Great information Scott, thank you putting it together 👍🏼
@nihil61285 ай бұрын
All of these are great answers to questions I didn't even know to ask! Love this channel
@schoolnyc6 ай бұрын
Scott your my favorite You Tube star! To sum up the cost of buying a house in Nica, the answer is whatever your stupid enough to pay. I do not know why anyone would buy a house. Not a good investment. Smarter to seek a hard to find rental.
@ScottAlanMillerVlog5 ай бұрын
In general, yeah. But if you really know that you will settle down, it's at a market low. So the deals are really there.
@WalterMoorer-t5qАй бұрын
Scott one more thing can you give a video on how to order stuff online here and what channels do you have to go through to actually receive the items you ordered.

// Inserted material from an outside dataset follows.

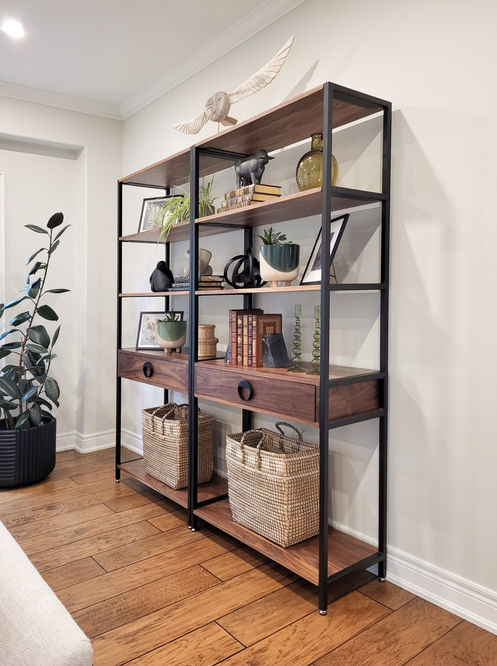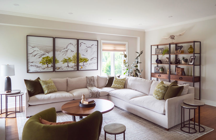 Our clients purchased a traditional two-storey home on a beautiful property, just minutes away from the beaches of Lake Erie. They fell in love with the location and the lush double-wide lot, and wanted to make this the home that they eventually retire in. Though the home had plenty of square footage, our clients came to us because they were having difficulties furnishing the main floor in a way that was conducive to entertaining and suited their modern style, plus they were looking for ways to better enjoy the outdoors for longer than our short Ontario summer season. We strategically designed an addition to the home that included a formal dining room and a large 3-season enclosed patio, and maximized the natural light and views of the property. The combination of indoor and semi-outdoor space was seamlessly integrated into the existing home with a paneled design that complemented the existing finishes, and large windows that bring the outdoors in. The enclosed patio includes large screens for warmer days, and a gas fireplace to extend it's use into the cooler seasons. The entire main floor was refreshed with new custom furnishings and a fresh colour palette of light neutrals, warm wood and nature-inspired greens. The wood kitchen cabinetry was preserved, but we added a new large island, reusing the previous island cabinets as a new coffee station adjacent to the dining room. Overall, we were able to drastically improve the flow of the home, balance modern elements with the traditional architecture, and create a space that is optimized for entertaining and enjoying the outdoors.

@ScottAlanMillerVlogАй бұрын
I plan to do that. Although finding a great place is an ongoing challenge. NicaBox is reliable, but higher cost. Optima is terrible, low cost but they lie to you and right now, we're about to file a police report with them for stealing our stuff in Miami (yup, theft in the US - they dare not do it in Nicaragua I assume.) When we ship stuff with the name of someone obviously from the US on it, it makes it, as soon as we put a Latino name on the package, their Miami office conveniently "loses it" after Amazon showed them having it. I assume that they think that we have no legal teeth in the US, and are in for a surprise.
@schoolnyc6 ай бұрын
I noticed there is a shortage of decent rentals in Nica. You have to look long and hard for a place with A/C, hot water, and is in a safe area not surrounded by shacks and 100's of stay dogs, who enjoy falling asleep in the middle of the street. Yes electric is high in SJDS. To run one AC in bedroom 24/7 costs almost $200 a month. The beaches in SJDS have no sand - you walk and sun bath on compacted mud.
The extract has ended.